**Try it:**
Transcribe exactly the lines from the top of the records below through the line that holds "- Supports Digestive", both included, with no pictures.

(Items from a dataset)
....

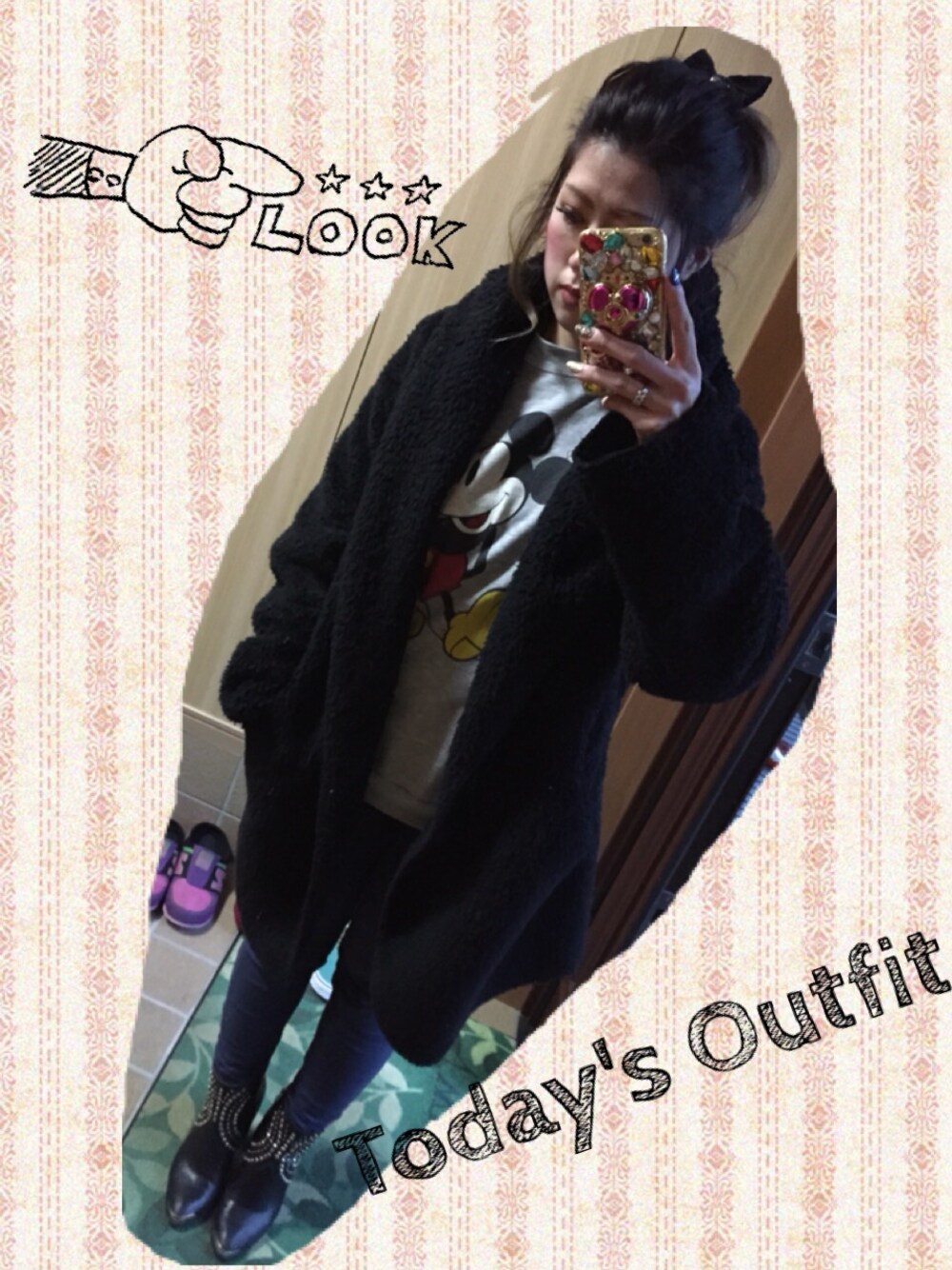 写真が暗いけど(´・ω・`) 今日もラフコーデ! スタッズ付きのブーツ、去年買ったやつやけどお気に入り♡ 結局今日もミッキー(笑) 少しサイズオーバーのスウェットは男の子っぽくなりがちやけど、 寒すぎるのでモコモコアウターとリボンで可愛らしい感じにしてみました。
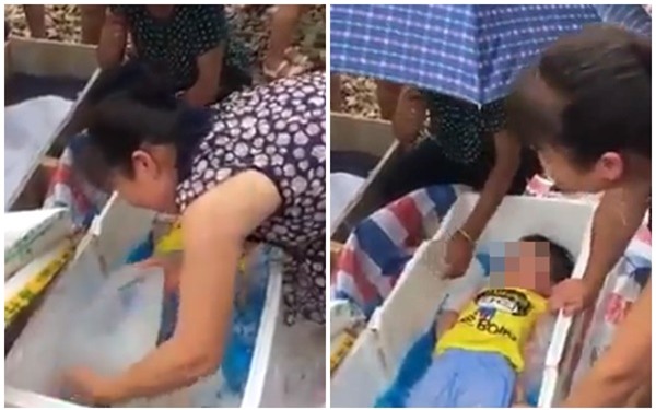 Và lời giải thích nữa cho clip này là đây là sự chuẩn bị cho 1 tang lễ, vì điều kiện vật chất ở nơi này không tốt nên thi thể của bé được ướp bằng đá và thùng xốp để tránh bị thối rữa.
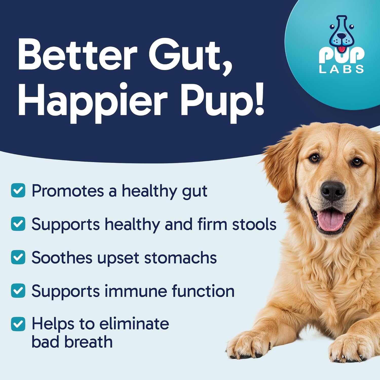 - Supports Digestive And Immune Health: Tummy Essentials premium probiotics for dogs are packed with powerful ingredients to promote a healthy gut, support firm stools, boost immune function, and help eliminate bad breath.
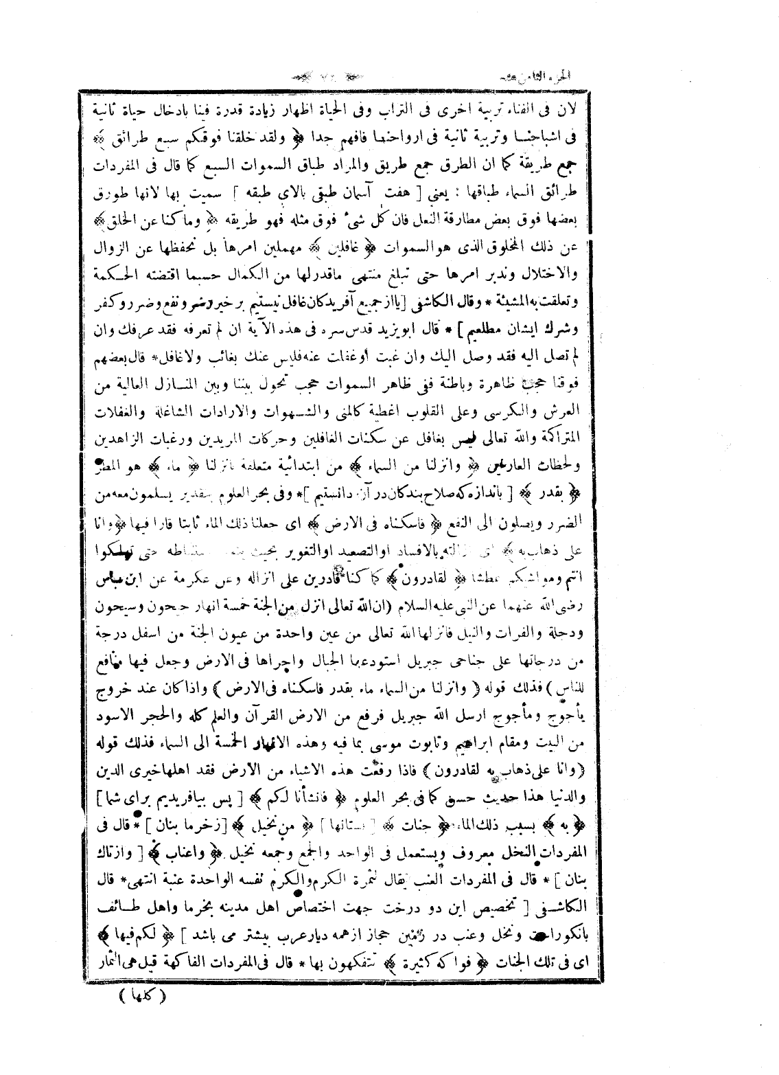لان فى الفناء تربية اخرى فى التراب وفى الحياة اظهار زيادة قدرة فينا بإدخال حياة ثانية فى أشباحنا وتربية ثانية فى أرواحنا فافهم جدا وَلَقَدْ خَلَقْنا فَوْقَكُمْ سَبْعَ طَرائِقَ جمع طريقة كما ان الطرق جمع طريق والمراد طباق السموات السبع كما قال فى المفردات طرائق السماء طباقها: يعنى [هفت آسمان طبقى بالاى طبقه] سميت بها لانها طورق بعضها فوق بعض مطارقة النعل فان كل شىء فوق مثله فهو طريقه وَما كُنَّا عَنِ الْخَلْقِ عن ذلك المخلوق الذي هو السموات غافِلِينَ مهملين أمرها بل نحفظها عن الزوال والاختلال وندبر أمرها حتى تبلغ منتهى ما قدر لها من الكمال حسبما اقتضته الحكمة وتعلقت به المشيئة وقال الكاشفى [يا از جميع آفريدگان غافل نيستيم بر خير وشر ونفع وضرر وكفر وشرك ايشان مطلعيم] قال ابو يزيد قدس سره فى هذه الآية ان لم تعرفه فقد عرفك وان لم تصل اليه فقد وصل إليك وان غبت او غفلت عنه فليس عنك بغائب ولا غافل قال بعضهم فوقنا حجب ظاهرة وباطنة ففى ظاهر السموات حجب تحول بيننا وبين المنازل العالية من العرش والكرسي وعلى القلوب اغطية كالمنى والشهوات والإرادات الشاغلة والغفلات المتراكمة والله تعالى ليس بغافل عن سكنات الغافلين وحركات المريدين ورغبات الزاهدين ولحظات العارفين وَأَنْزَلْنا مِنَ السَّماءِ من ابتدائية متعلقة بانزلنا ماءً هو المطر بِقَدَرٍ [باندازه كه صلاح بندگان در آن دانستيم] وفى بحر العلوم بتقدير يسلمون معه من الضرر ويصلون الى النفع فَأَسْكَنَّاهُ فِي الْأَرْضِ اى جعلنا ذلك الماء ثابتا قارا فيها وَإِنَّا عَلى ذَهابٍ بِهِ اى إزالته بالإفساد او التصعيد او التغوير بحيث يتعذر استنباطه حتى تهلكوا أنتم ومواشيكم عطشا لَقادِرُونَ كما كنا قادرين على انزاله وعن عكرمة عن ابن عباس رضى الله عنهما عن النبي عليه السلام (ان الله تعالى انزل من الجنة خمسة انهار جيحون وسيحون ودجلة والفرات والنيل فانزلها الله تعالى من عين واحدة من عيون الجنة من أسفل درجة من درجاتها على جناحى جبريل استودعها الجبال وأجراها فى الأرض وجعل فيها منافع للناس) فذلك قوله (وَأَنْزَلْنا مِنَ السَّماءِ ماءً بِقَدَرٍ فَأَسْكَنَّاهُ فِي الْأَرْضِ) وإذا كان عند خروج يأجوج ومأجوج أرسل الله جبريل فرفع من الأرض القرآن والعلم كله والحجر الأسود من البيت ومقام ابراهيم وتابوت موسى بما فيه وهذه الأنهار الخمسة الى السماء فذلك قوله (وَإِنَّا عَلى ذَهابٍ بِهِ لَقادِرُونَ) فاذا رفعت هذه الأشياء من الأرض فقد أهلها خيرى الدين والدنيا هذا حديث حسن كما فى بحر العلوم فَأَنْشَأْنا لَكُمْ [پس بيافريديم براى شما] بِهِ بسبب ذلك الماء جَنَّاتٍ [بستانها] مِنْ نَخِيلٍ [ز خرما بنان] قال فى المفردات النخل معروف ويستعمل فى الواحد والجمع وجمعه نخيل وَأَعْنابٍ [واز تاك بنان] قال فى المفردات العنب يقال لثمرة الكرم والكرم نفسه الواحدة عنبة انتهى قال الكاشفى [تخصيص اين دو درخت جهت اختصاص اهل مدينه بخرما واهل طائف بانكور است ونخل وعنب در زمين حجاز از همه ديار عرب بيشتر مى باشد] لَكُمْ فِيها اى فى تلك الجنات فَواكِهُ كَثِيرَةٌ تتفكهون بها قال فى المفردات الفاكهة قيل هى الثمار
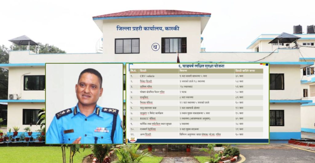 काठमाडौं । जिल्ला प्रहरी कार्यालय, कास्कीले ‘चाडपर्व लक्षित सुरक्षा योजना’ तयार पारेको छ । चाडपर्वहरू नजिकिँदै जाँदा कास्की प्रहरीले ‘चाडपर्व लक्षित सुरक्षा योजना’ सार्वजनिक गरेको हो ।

....

**Task answer:**
 写真が暗いけど(´・ω・`) 今日もラフコーデ! スタッズ付きのブーツ、去年買ったやつやけどお気に入り♡ 結局今日もミッキー(笑) 少しサイズオーバーのスウェットは男の子っぽくなりがちやけど、 寒すぎるのでモコモコアウターとリボンで可愛らしい感じにしてみました。
 Và lời giải thích nữa cho clip này là đây là sự chuẩn bị cho 1 tang lễ, vì điều kiện vật chất ở nơi này không tốt nên thi thể của bé được ướp bằng đá và thùng xốp để tránh bị thối rữa.
 - Supports Digestive And Immune Health: Tummy Essentials premium probiotics for dogs are packed with powerful ingredients to promote a healthy gut, support firm stools, boost immune function, and help eliminate bad breath.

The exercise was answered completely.